▸ **Exercise details**:
An exact copy of the data is needed, but without any of its images.

▸ **Data extract**:
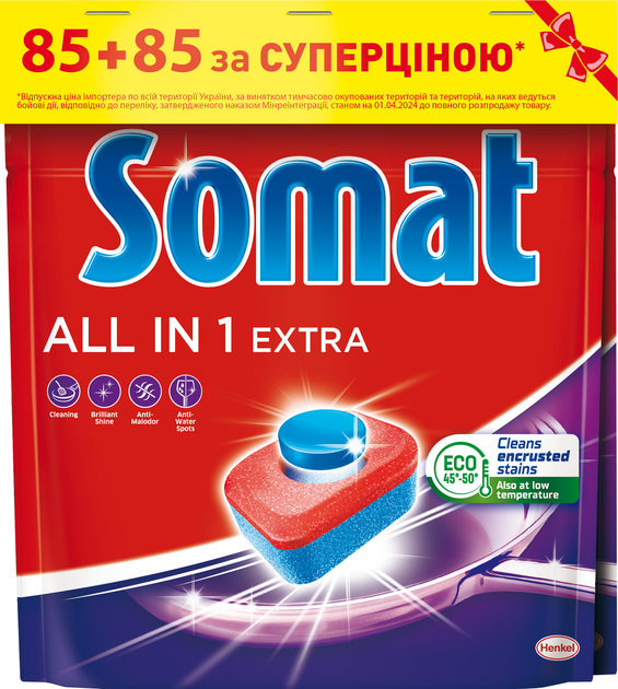 Таблетки для посудомийної машини Somat All in 1 Extra Duo 85+85 шт (9000101820676)
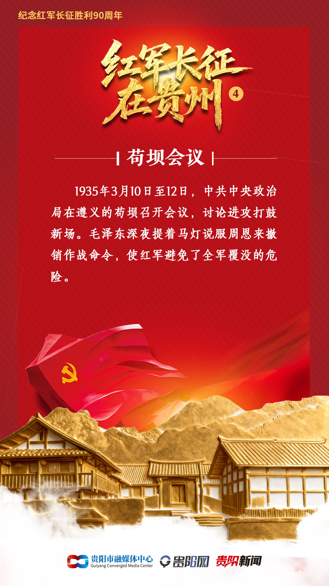 于是,3月10日至12日,中共中央政治局在遵义县枫香镇苟坝村召开扩大会议,讨论要不要进攻打鼓新场,这就是苟坝会议。
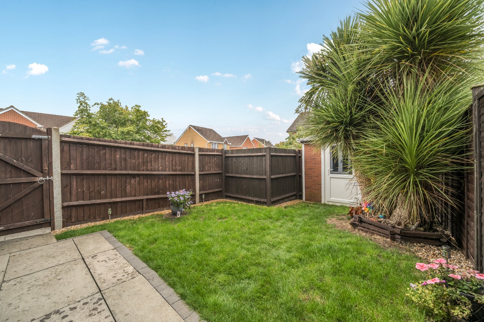 Outside, the rear garden is neatly enclosed and thoughtfully arranged, providing a private outdoor space with a lawn, patio area and mature planting. It’s perfectly suited to outdoor dining and family enjoyment.

▸ **Answer space**:
 Таблетки для посудомийної машини Somat All in 1 Extra Duo 85+85 шт (9000101820676)
 于是,3月10日至12日,中共中央政治局在遵义县枫香镇苟坝村召开扩大会议,讨论要不要进攻打鼓新场,这就是苟坝会议。
 Outside, the rear garden is neatly enclosed and thoughtfully arranged, providing a private outdoor space with a lawn, patio area and mature planting. It’s perfectly suited to outdoor dining and family enjoyment.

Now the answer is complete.